P. David Francisquini
Así como se acuñan monedas para distinguir y ennoblecer a personajes ilustres, o incluso para resaltar acontecimientos históricos y simbólicos del orden temporal, con toda razón se pueden esculpir o pintar imágenes de aquellos que se distinguieron por la virtud y santidad en el orden espiritual. La sana filosofía nos enseña que siendo el hombre compuesto de cuerpo y alma, ninguna idea o imagen llega a su inteligencia sin antes pasar por los sentidos. Con ese presupuesto, la pedagogía católica no encontró mejor manera de recordar y perpetuar la santidad de una persona que retratándola a través de la pintura o escultura. Por ejemplo, cuanto más refinada sea una pintura o escultura representando a las tres personas de la Santísima Trinidad tanto mayor será la idea que el hombre podrá hacer de ellas —dentro, evidentemente, del límite de la comprensión humana de lo incomprensible. Y, guardadas todas las abismales proporciones, análogo recuerdo se podrá aplicar también a los hijos justos y ejemplares del Creador. ¿Cómo conocer a un justo en este mundo? Aquel que sigue o intenta seguir estrictamente la voluntad de Dios. San José, por ejemplo, fue calificado por las Escrituras como varón justo. Otros personajes se distinguen de tal modo en la práctica amorosa de la Ley Santa que se vuelven amigos íntimos de Dios, luces reflejadas del propio Dios. En su sabiduría infinita, el Omnipotente enriqueció la naturaleza con una gran variedad de seres, cada cual retratando una de sus facetas. Esto para que tales seres no apenas atendiesen a los divinos designios, sino aún con miras a servir de constante invitación al hombre, en el sentido de elevarse a la Causa de las causas. Y así conocer, amar y servir a Dios en este mundo.

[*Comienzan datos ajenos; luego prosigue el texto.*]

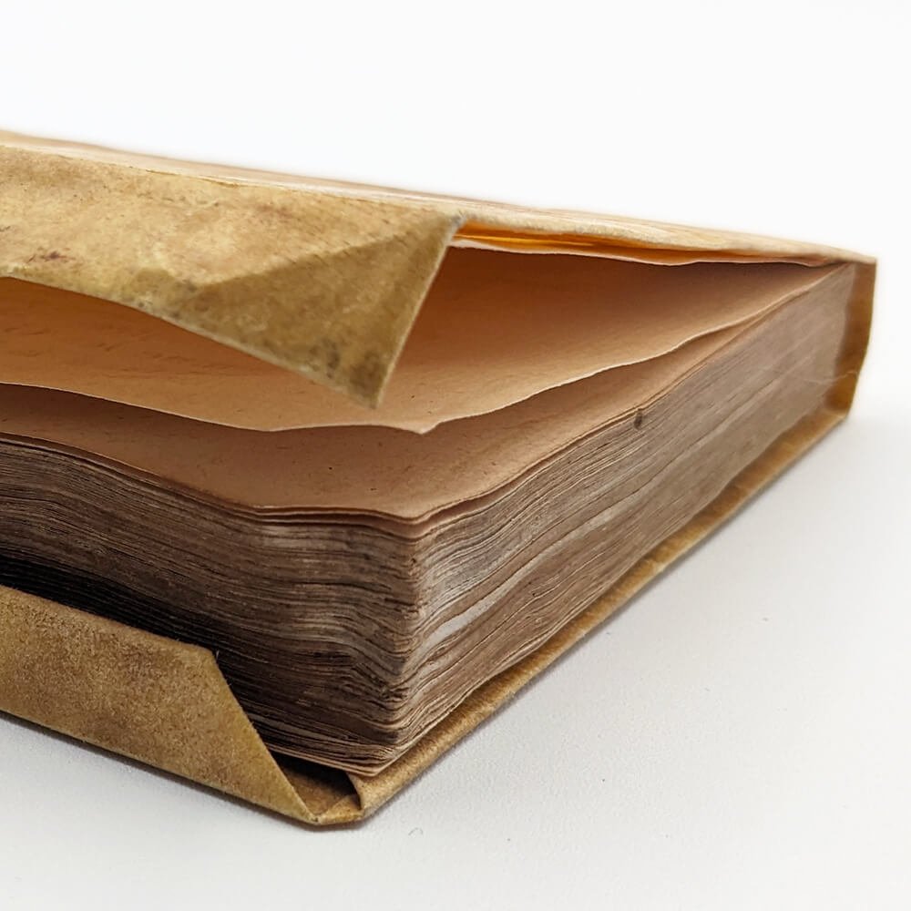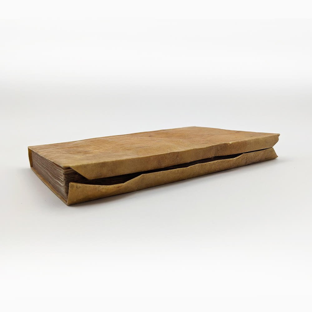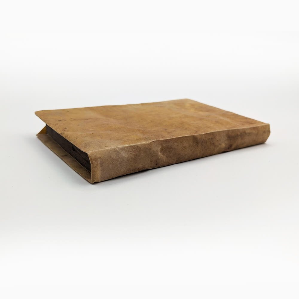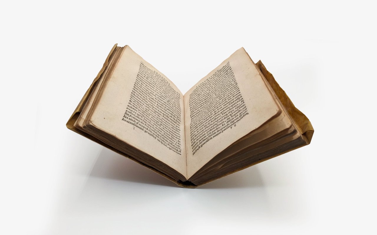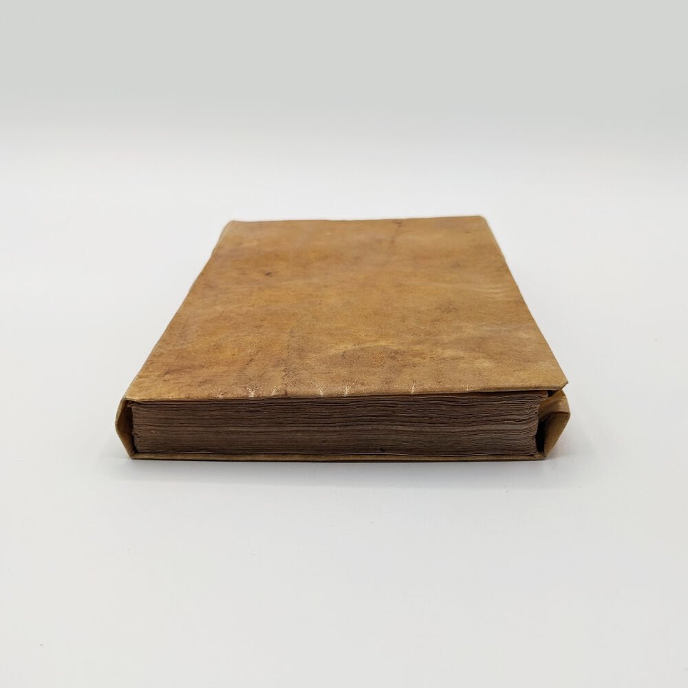 Duodecimo (117x111mm) - Limp vellum binding with flaps, flat spine, untitled. (8) ll., (144) ll. Strange blank endpapers at the beginning and end with traces of printing from another work, suggesting printer's scraps. The border of the endpapers appears different from the border of the book; it does not show the same signs of aging, suggesting a post-printing assembly.

La pintura y la escultura —“nietas de Dios”, en el lenguaje de Dante Alighieri— son productos de la inteligencia humana que al enriquecer con su belleza los templos sagrados concurren al incremento de la piedad y de la devoción de los fieles, elevándolos a Nuestro Señor. Cuando son modeladas por la piedad y por el buen espíritu, tales obras quedan impregnadas de bendiciones, actuando a veces por obra del Espíritu Santo en lo íntimo de los corazones de los pecadores y moviéndolos a cambiar de vida. El propio Templo de Jerusalén —la Casa de Dios por excelencia en el Antiguo Testamento— era adornado por inspiración divina con una enorme diversidad de símbolos: palmeras, el Arca de la Alianza, las Tablas de la Ley, la vara de Aarón, los querubines, y tantas otras figuras para recordar la venida del futuro Salvador del mundo. Inclinados lamentablemente hacia la idolatría, los hebreos recurrían con frecuencia a esta práctica criminal erigiendo y rindiendo culto a criaturas en lugar de Dios. Preocupada con la idolatría y hasta con el panteísmo del pueblo escogido, la pedagogía divina en el Antiguo Testamento tomaba todo el cuidado para evitar que las almas fuesen influenciadas por tal concepción errónea. Siendo Dios invisible, absoluto, trascendente, puramente espiritual, dotado de inteligencia perfectísima y de voluntad santísima, era de cierto modo inaccesible al pueblo hebreo. De ahí resultaba para ellos, por un lado, la necesidad psicológica de confeccionar imágenes, y por otro, la prohibición de hacerlo, a fin de evitar la idolatría, práctica común en el Antiguo Testamento. Con fundamento en la doctrina de la Santa Iglesia y en sus santos, pretendo en el próximo artículo justificar la confección de imágenes a partir de la venida de Nuestro Señor Jesucristo.